*** Opening Given records ***

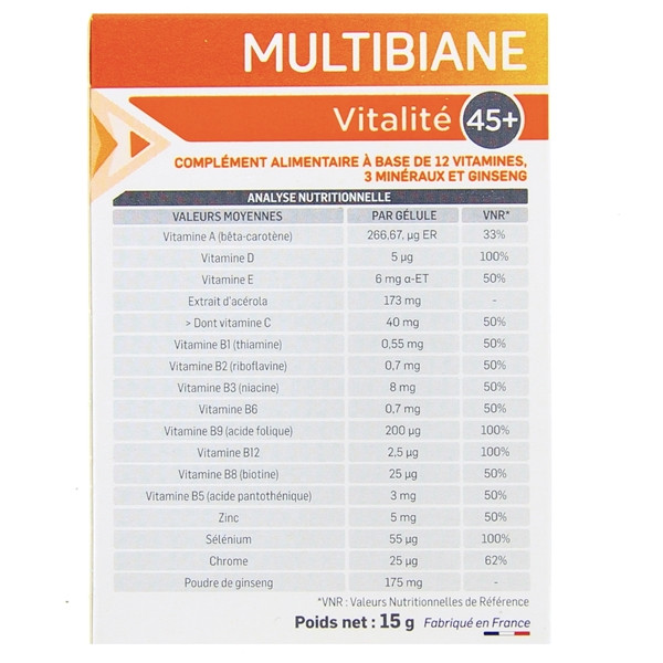 Multibiane Vitalité 45+ x30 gélules végétales de la marque Pileje est un complément alimentaire comportant 12 vitamines, 3 minéraux et du ginseng. Il est indiqué en cas de fatigue physique ou mentale due à un surcroît de travail intellectuel, à une alimentation inadaptée, à un évènement malheureux de la vie, etc.
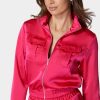 Redefine your casual chic with this Satin Bomber Jacket, featuring unique front patch pockets and a laundered finish. It’s an essential piece for your transitional wardrobe.
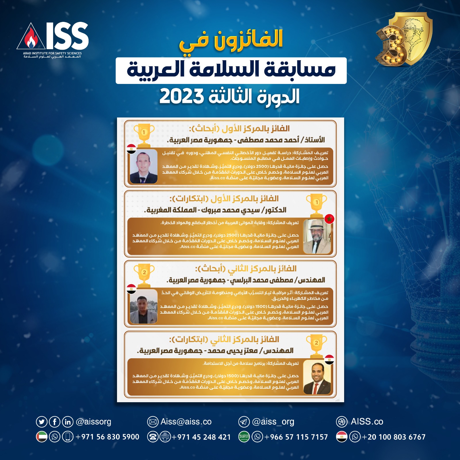 - نشر أسماء الفائزين في (مجلة السلامة العربية) ، وعلى جميع منصَّات المعهد العربي لعلوم السلامة.
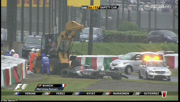 Masamichi Miyazaki, a spokesman for the Suzuka track, claimed the collision was not down to anything but bad luck and that Sutil’s accident had been covered in waved double yellow flags, meaning cars had to lift off enough to be prepared to stop. This is very well, but could the circulating cars see these flags in such poor conditions? Did Bianchi see these warning flags in time to lift off?
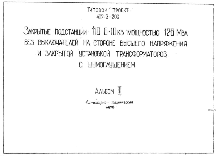 | Название стандарта | Закрытые подстанции 110/6 - 10 кВ мощностью 126 МВА без выключателей на стороне высшего напряжения и закрытой установкой трансформаторов с шумоглушением. |
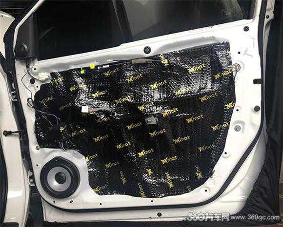 为了前后声场喇叭有更好的音质发挥,改装技师用中道隔音的止震板将前后车门都做了双层隔音处理,减少了路噪和风噪的传入,也防止了车门与喇叭的共振,为音响器材提供一个良好的工作环境。
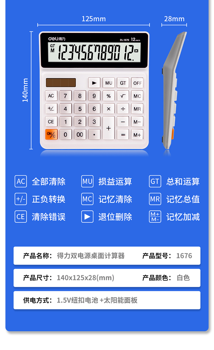 商品名称:得力1676桌面计算器(白)
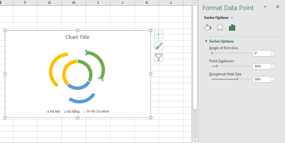Ngoài ra, bạn có thể chọn phần biểu đồ mà bạn muốn di chuyển ra, nhấp chuột phải vào nó, chọn Format Data Series. Sau đó, đi đến Series Options từ bảng Format Data Series, thiết lập Point Explosion:
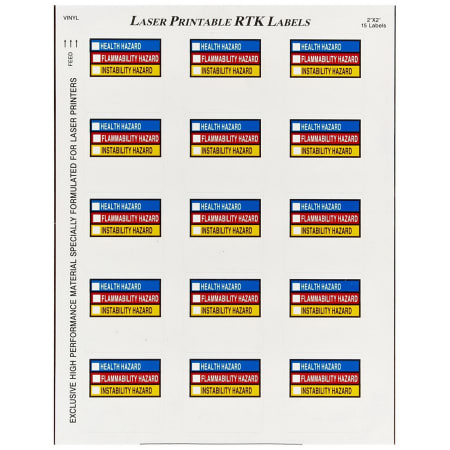 BRADY Laser Printable Right-to-Know Labels, Vinyl, Sheet, 2 ...
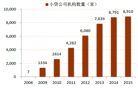 2006-2015年中國(guó)小額貸款公司機(jī)構(gòu)數(shù)量
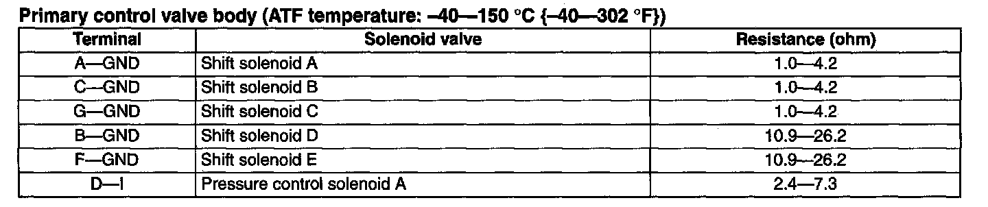 Primary Control Valve Body (ATF Temperature: -40-150 degrees C {-40-302 degrees F})
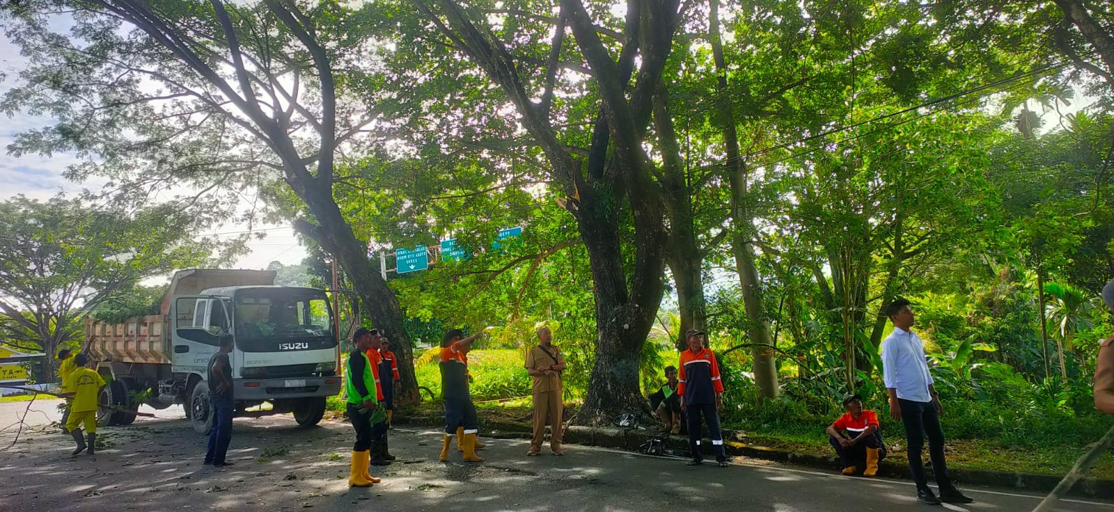 Plh. Pengendali Dampak Lingkungan/Subkoordinator Pengelola Sampah, Limbah B3 dan Peningkatan Kapasitas, Khairul Fauzi bersama staf dan petugas dari Dinas Perkim LH Abdya saat melakukan pemangkasan dahan pohon yang sudah tua dan lapuk, di jalan dua jalur menuju Perkantoran Bupati Abdya
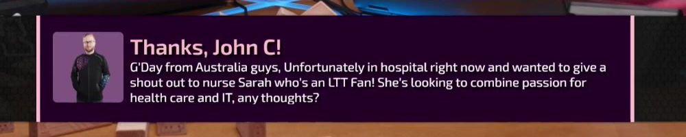Thanks, John C! G'Day from Australia guys, Unfortunately in hospital right now and wanted to give a shout out to nurse Sarah who's an LTT Fan! She's looking to combine passion for health care and IT, any thoughts?
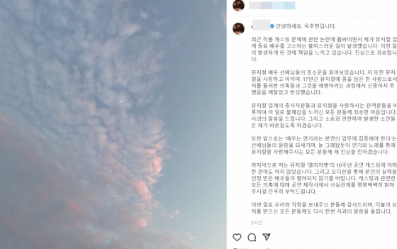 "뮤지컬의 핵심은 무대 위에서 펼치는 배우 간의 앙상블이기 때문에 동료 배우를 사랑하고, 존중해야 한다"는 1세대 뮤지컬 배우들의 뼈 때리는 조언은 옥주현에게만 해당되는 게 아니다. 김호영도 의도 여부를 떠나 이번 갈등을 일으킨 장본인 중 하나다. 아무리 SNS 게시물을 삭제했더라도 뱉은 말은 주워담을 수 없다. 책임을 져야 한다.
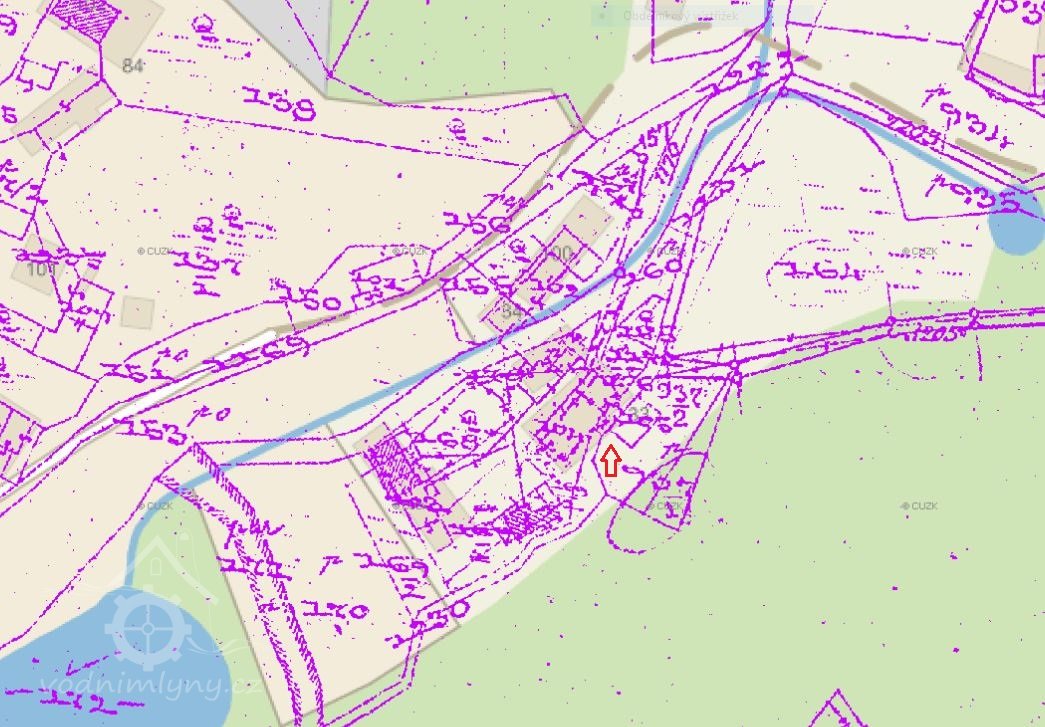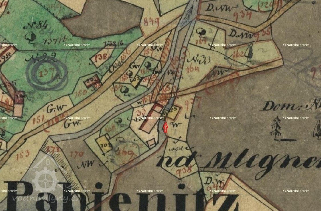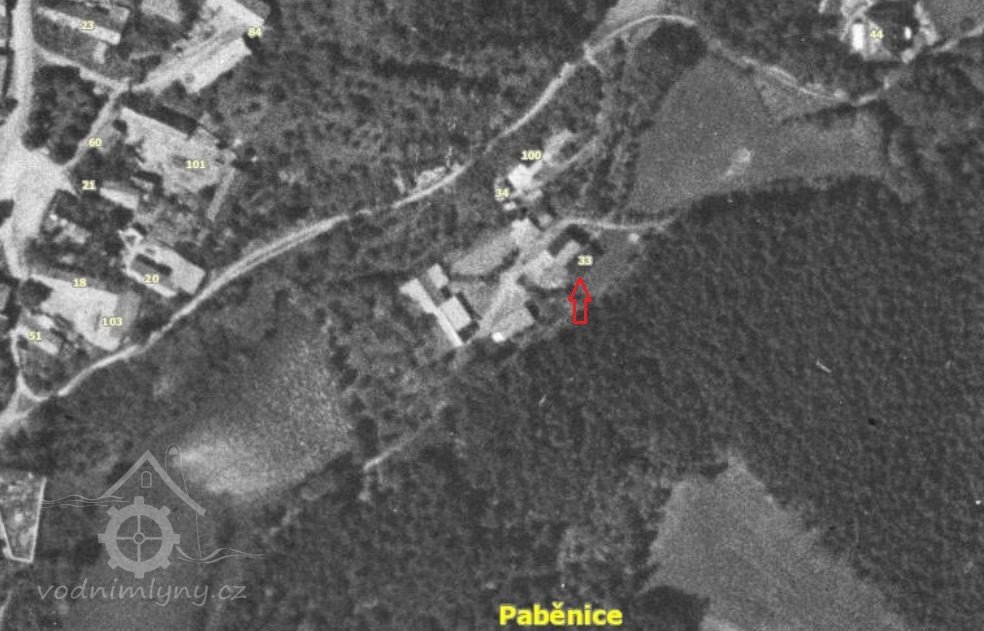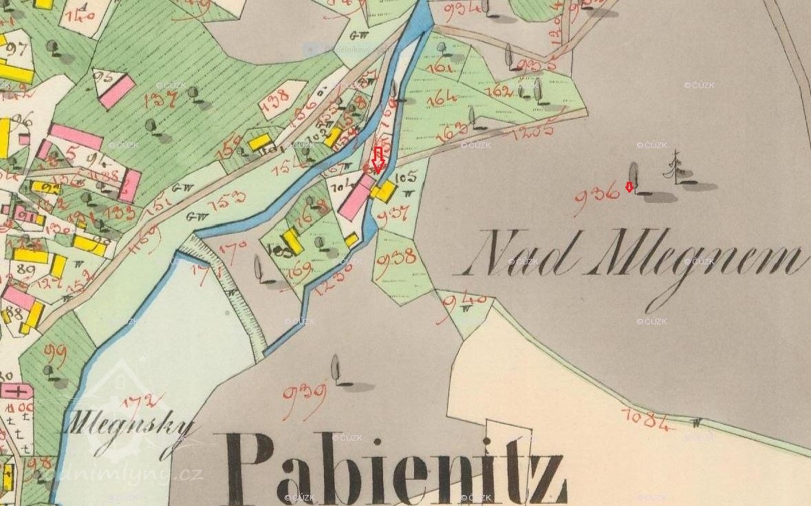 Mlýn čp. 33 jest poháněn vodou z potoka Klejnárky, (chyba, jedná se o potok Paběnický, ústící do Klejnárky v Chedrbí) která zadržována jest v rybníce č. kat. 172, který je majetkem mlynáře a má výměr 0,5158 ha.
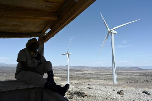 رجل يحرس توربينات في محطة طاقة الرياح في بحيرة توركانا في السادس من آب/أغسطس 2019 afp_tickers
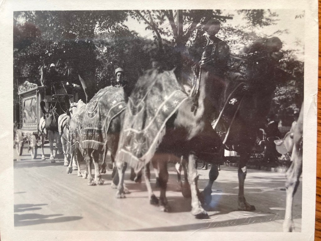 David Davidsons camera captured troop training, battle simulations, and parades. But at some point in time, Ringling Brothers Barnum and Bailey Circus must have paraded through the streets and Davidson was there to capture the event. In the photo of the white horses pulling a carriage, you can see a banner displaying the words “The Greatest Show on Earth”.
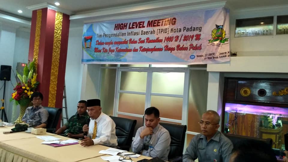 High Level Meeting Tim Pengelola Inflasi Daerah (TPID) Kota Padang diikuti Dandim 0312 Padang, Kepala BI Perwakilan Sumbar, Bulog Regional Sumbar, Pertamina dan Hiswana Migas, PPI, BPS Kota Padang, Forum Komunikasi Distributor Padang, Kadin Padang, Kemenag Kota Padang, Baznas Kota Padang, dan SKPD terkait Pemko Padang.
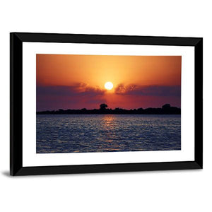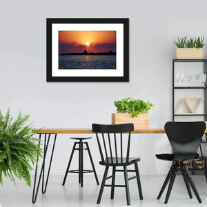 Cloudy Sunset On Lake Canvas Wall Art shows a peaceful sunset over a calm lake, with the sun peeking through clouds and a soft reflection on the water. Photographic and realistic in style, the warm oranges and cool purples create a serene, peaceful mood that fits modern home decor.
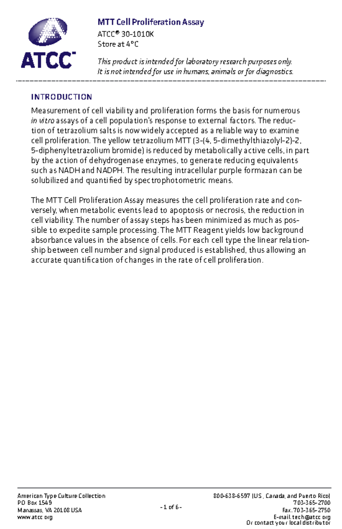 MTT Cell Proliferation Assay MTT Cell Proliferation Assay ATCC® 30
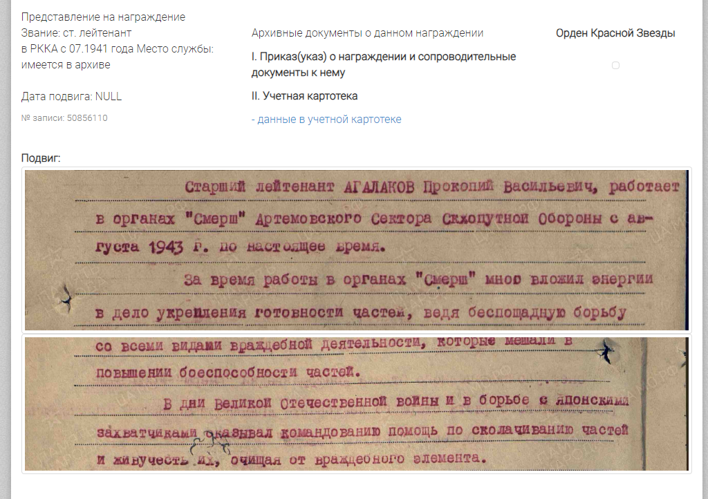 Наименование воинской части: особ. штаб ТОФ,особ. штаб СМЕРШ ТОФ
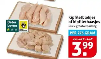 Kipfiletblokjes of kipfilethaasjes aanbieding bij Hoogvliet
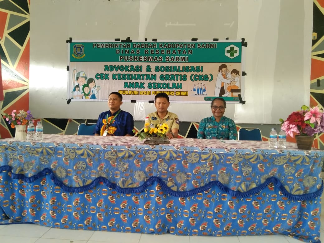Diskominfo Sarmi– Pemerintah Kabupaten Sarmi, melalui Puskesmas Sarmi menggelar kegiatan advokasi dan sosialisasi cek kesehatan gratis (CKG) bagi anak sekolah di Aula SMA Negeri 1 Sarmi, Kabupaten Sarmi, Papua, Kamis 02/09/2015 di aula SMA negeri 1 Sarmi
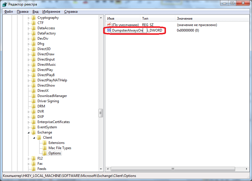 В поле созданного параметра вписываем «DumpsterAlwaysOn», и жмем кнопку ENTER на клавиатуре. Затем, двойным щелчком кликаем по этому элементу.
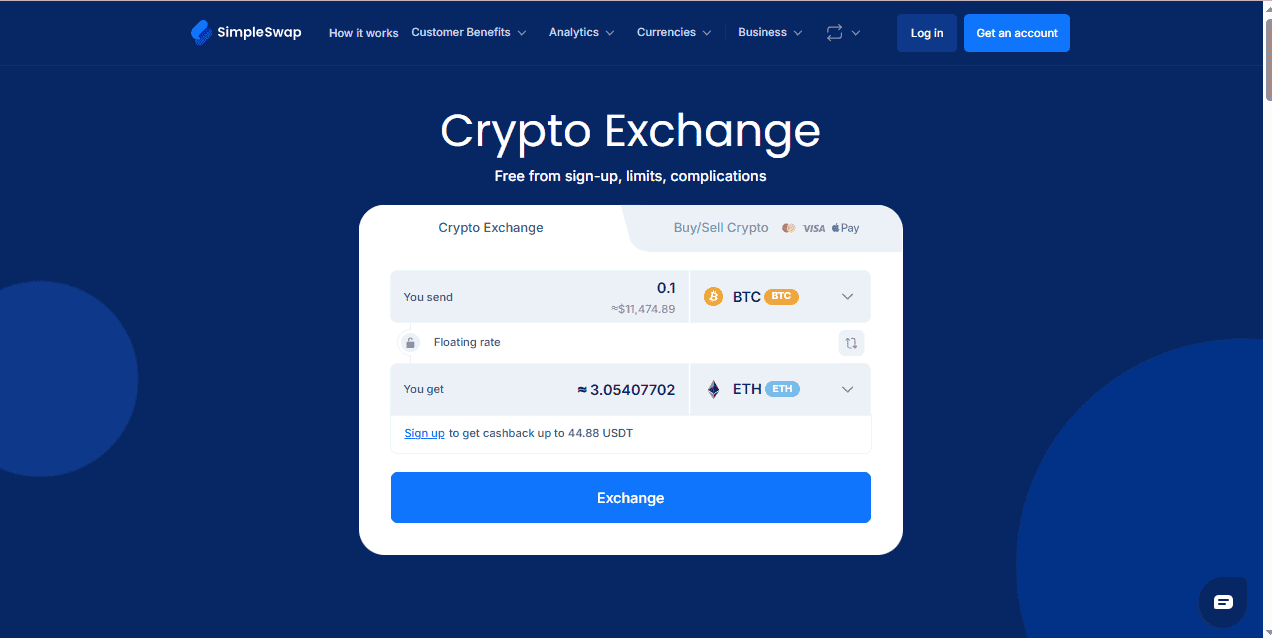 SimpleSwap is tailor-made for newcomers, offering a streamlined interface without requiring any form of registration.
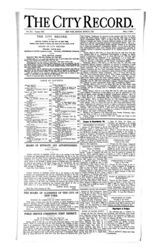 The City Record newspaper publishes notices which includes but is not limited to: public hearings and meetings, public auctions and sales, solicitations and awards and official rules proposed and adopted by city agencies. This is the City Record Newspaper for March 03, 1913.
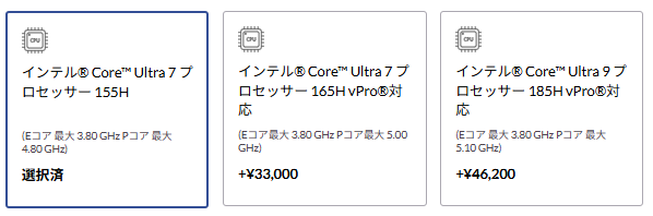 | CPU | IIntel Core Ultra Hシリーズ Ultra 5 135H Ultra 7 155H / 165H Ultra 9 185H |

*** Closing Given records ***

== Task to complete ==
Return exactly the lines above, from the one with "2006-2015年中國(g" up to and including the one with "رجل يحرس توربينات", and include no pictures.

== Result below ==
 2006-2015年中國(guó)小額貸款公司機(jī)構(gòu)數(shù)量
 Primary Control Valve Body (ATF Temperature: -40-150 degrees C {-40-302 degrees F})
 Plh. Pengendali Dampak Lingkungan/Subkoordinator Pengelola Sampah, Limbah B3 dan Peningkatan Kapasitas, Khairul Fauzi bersama staf dan petugas dari Dinas Perkim LH Abdya saat melakukan pemangkasan dahan pohon yang sudah tua dan lapuk, di jalan dua jalur menuju Perkantoran Bupati Abdya
Thanks, John C! G'Day from Australia guys, Unfortunately in hospital right now and wanted to give a shout out to nurse Sarah who's an LTT Fan! She's looking to combine passion for health care and IT, any thoughts?
 "뮤지컬의 핵심은 무대 위에서 펼치는 배우 간의 앙상블이기 때문에 동료 배우를 사랑하고, 존중해야 한다"는 1세대 뮤지컬 배우들의 뼈 때리는 조언은 옥주현에게만 해당되는 게 아니다. 김호영도 의도 여부를 떠나 이번 갈등을 일으킨 장본인 중 하나다. 아무리 SNS 게시물을 삭제했더라도 뱉은 말은 주워담을 수 없다. 책임을 져야 한다.
 Mlýn čp. 33 jest poháněn vodou z potoka Klejnárky, (chyba, jedná se o potok Paběnický, ústící do Klejnárky v Chedrbí) která zadržována jest v rybníce č. kat. 172, který je majetkem mlynáře a má výměr 0,5158 ha.
 رجل يحرس توربينات في محطة طاقة الرياح في بحيرة توركانا في السادس من آب/أغسطس 2019 afp_tickers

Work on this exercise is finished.